Appellants, Edward R. Houston and Regina Houston, paid David Boone $740,000 for investment services. Boone converted the $740,000 to his own use. Shortly thereafter, on May 13, 1998, Boone and his wife Donna divorced. Pursuant to their property settlement agreement, Boone quitclaimed to Donna the real property located at 2100 Marina Bay Court, Las Vegas, Nevada (the property). At the time of the divorce, Norwest Mortgage, Bank of America's predecessor, held a deed of trust on the property for approximately $342,000.

On May 14, 1998, the Houstons filed a complaint against Boone to recover their $740,000.1 On June 1, 1998, the Houstons filed a notice of lis pendens on the property in the Clark County Recorder's Office.
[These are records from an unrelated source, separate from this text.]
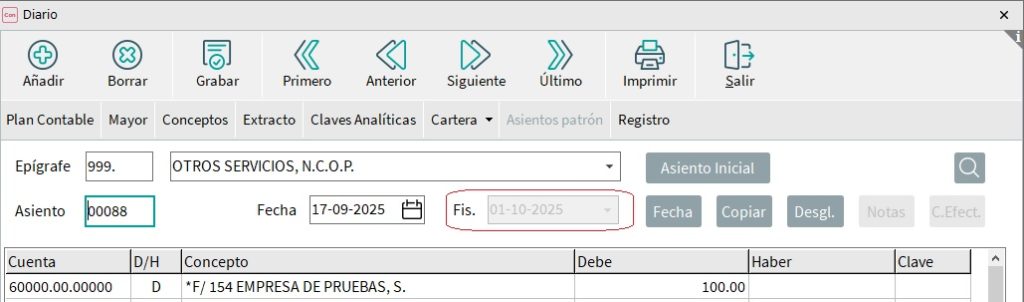 Al seleccionar esta opción, los informes se elaboran tomando como referencia la fecha fiscal de los asientos en lugar de la contable. Esta funcionalidad resulta especialmente práctica cuando, desde el registro, se contabiliza una factura cuya fecha de factura difiere de la fecha fiscal, lo que da lugar a un asiento de diario con ambas fechas diferenciadas.
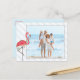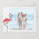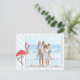 This design features Christmas holiday watercolor modern, festive pink flamingo string lights, a chic party celebration celebrate, cute whimsical colourful merry, simple minimalist typography font, elegant whimsical calligraphy script, tropical beach coastal holiday Florida, with a colourful Xmas let's flamingle saying, hand-drawn classic budget postcard, artwork by laura lacina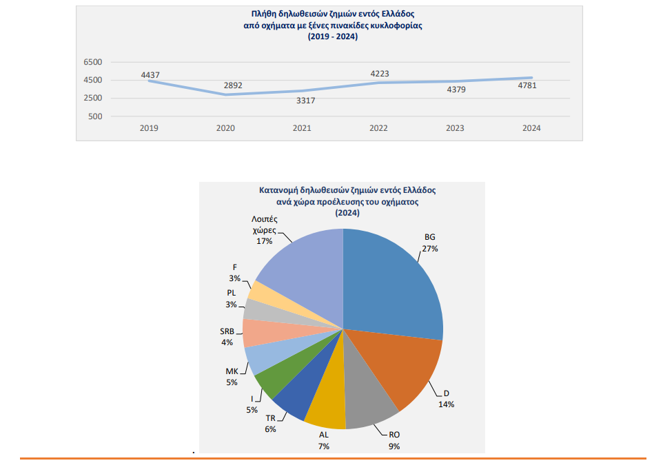Τα ατυχήματα από οχήματα με Βουλγαρικές πινακίδες κυκλοφορίας συνέχισαν να αυξάνονται το 2024 και έφτασαν στα 1282 από 1165 το 2023 (το 27% του συνόλου των ατυχημάτων).

The Houstons also filed an ex parte motion for an order directing the issuance of a prejudgment writ of attachment, which the district court granted. Early on June 26, 1998, the writ of attachment was filed in the Clark County Recorder's Office. Ultimately, the Houstons obtained a judgment against Boone for $740,000. Boone filed for bankruptcy, but eventually stipulated that the money he owed the Houstons was a nondischargeable debt. The district court granted the Houstons a writ of execution on the property and scheduled a sale of the property. Bank of America intervened and the sale was enjoined.
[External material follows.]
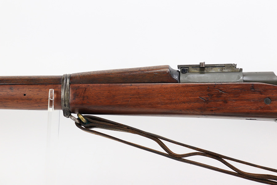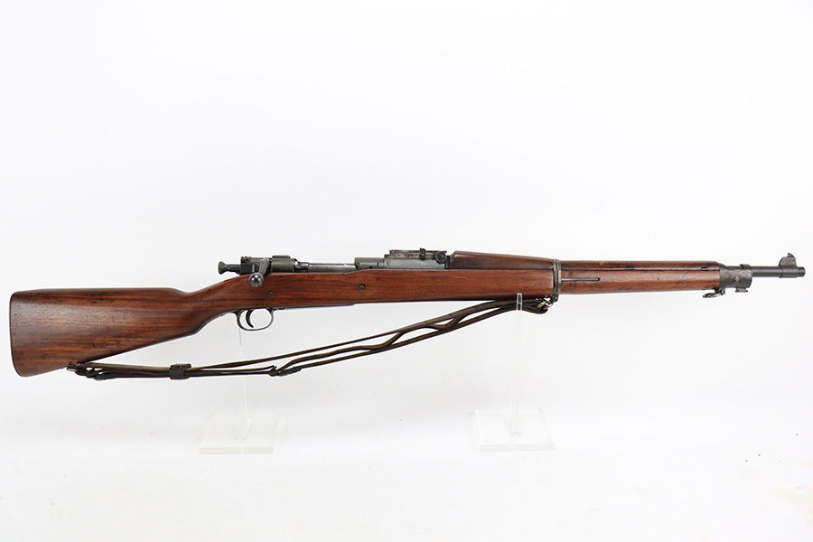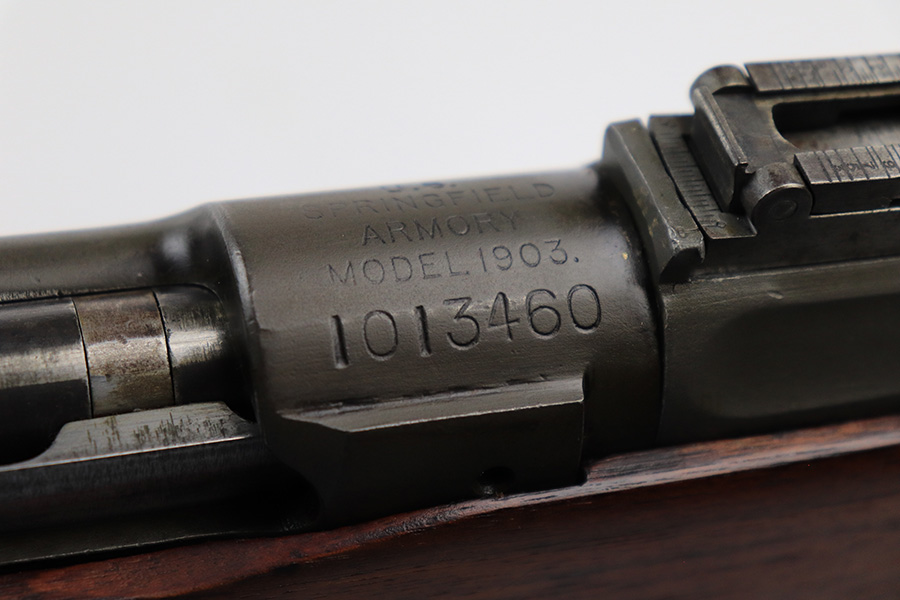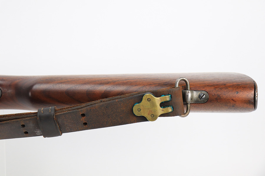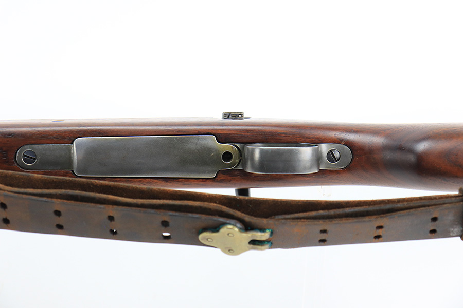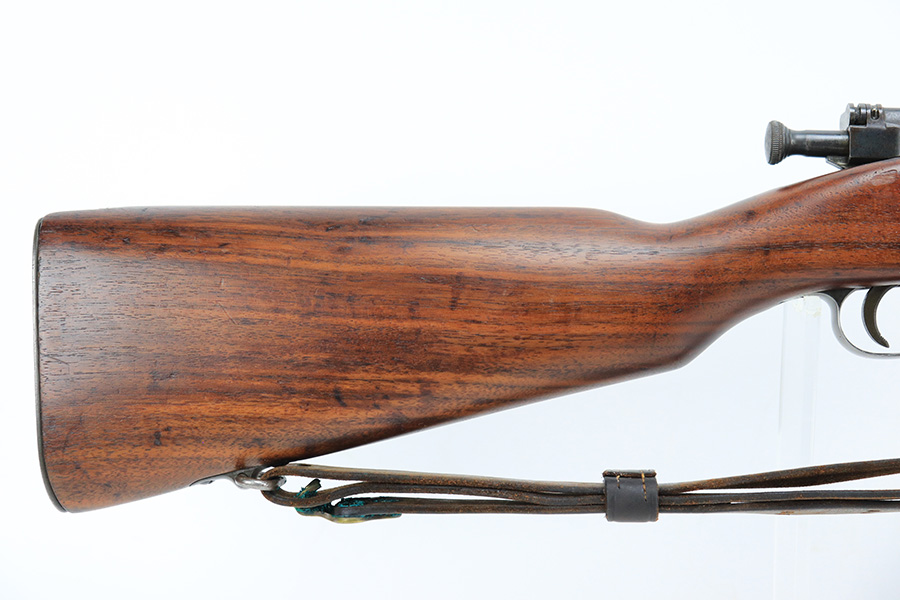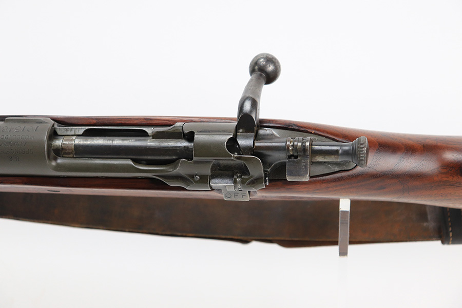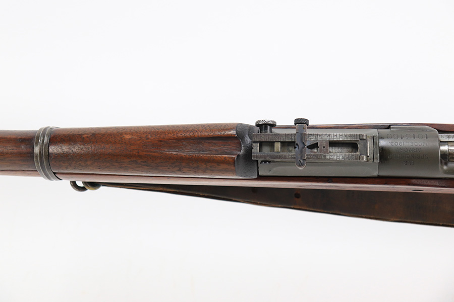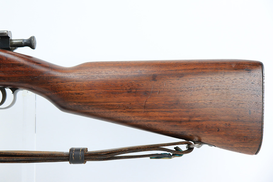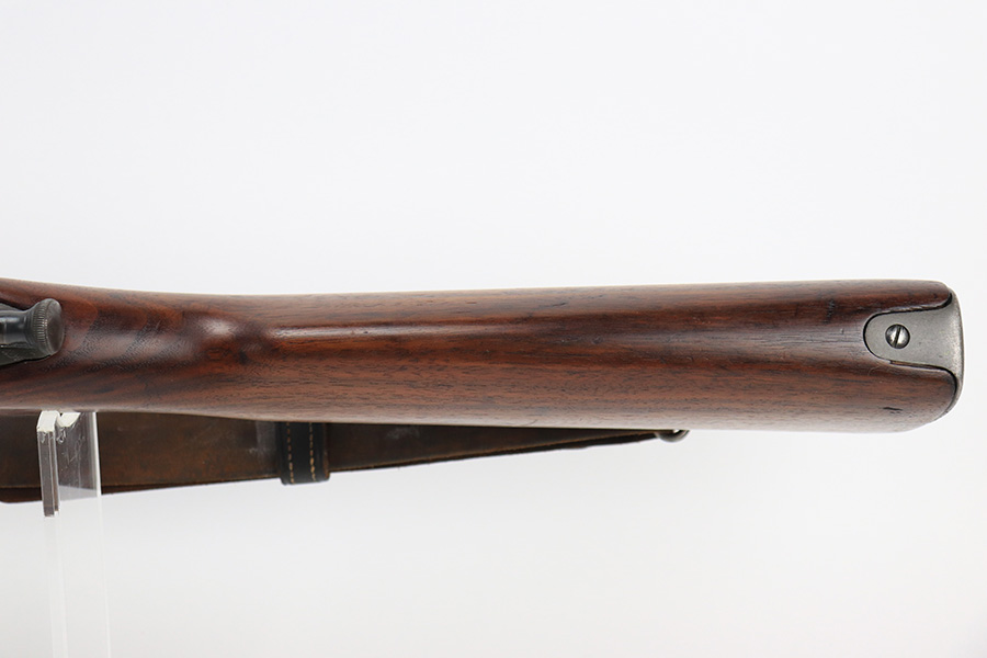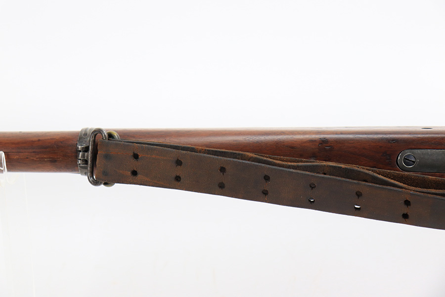 6/13/23 – This is an excellent example of a Springfield Model 1903 issued to the US military during WW1. The receiver dates to 1918. The barrel is also Springfield marked and dates to November of 1918. The wood stock is un-marked and was either sanded or replaced. The left side of the receiver has been tapped with 3 screw holes to receive an original Warner Swasey scope. The metal parts have retained about 95% of their parkerized finish with some thinning on the floor plate / trigger group and some dark discoloration on the receiver. Some spotty oxidation on the butt plate. Excellent wood stock. The rifling in the bore is slightly worn with some minor pitting here and there. Comes with a nice leather sling.

Bank of America had refinanced the property for Donna on June 26, 1998, after the Houstons' writ of attachment was recorded. Bank of America had hired Nevada Title Company to perform a title search of the property, which was conducted on May 29, 1998, over a month before the refinancing.
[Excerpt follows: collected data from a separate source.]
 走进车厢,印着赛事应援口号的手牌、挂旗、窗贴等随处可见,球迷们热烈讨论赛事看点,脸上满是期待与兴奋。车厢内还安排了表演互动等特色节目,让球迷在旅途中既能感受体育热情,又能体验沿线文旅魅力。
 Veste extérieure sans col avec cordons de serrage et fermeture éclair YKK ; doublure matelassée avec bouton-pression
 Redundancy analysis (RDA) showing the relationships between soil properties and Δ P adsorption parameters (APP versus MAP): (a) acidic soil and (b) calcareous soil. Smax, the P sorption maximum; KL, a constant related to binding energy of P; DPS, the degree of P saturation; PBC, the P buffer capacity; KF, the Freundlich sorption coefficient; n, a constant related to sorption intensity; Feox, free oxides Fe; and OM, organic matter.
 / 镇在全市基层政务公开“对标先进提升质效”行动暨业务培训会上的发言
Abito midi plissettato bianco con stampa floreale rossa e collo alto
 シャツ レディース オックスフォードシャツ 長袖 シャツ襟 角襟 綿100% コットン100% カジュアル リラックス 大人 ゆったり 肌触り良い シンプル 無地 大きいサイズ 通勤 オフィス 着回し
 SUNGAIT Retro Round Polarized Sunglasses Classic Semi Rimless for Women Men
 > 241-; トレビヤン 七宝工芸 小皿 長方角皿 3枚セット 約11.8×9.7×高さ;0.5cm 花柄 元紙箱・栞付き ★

After the district court enjoined the sale, both Bank of America and the Houstons filed motions for summary judgment. Bank of America argued that it held the priority lien on the property because it succeeded to the rights of Norwest. The Houstons contended, among other things, that Bank of America was negligent in failing to discover their interest in the property and that they would suffer an injury if the district court allowed Bank of America to succeed to Norwest's priority position. However, the Houstons did not provide the district court with the terms of the former deed of trust or any other evidence of prejudice. The district court granted summary judgment in favor of Bank of America and denied the Houstons' motion for summary judgment.

The Houstons appeal.

DISCUSSION

This court reviews summary judgment orders de novo.2 Summary judgment is warranted when the record, viewed in a light most favorable to the non-moving party, indicates no triable issues of material fact and that the moving party is entitled to judgment as a matter of law.3 The principal issue in this case is whether the district court properly applied the doctrine of equitable subrogation.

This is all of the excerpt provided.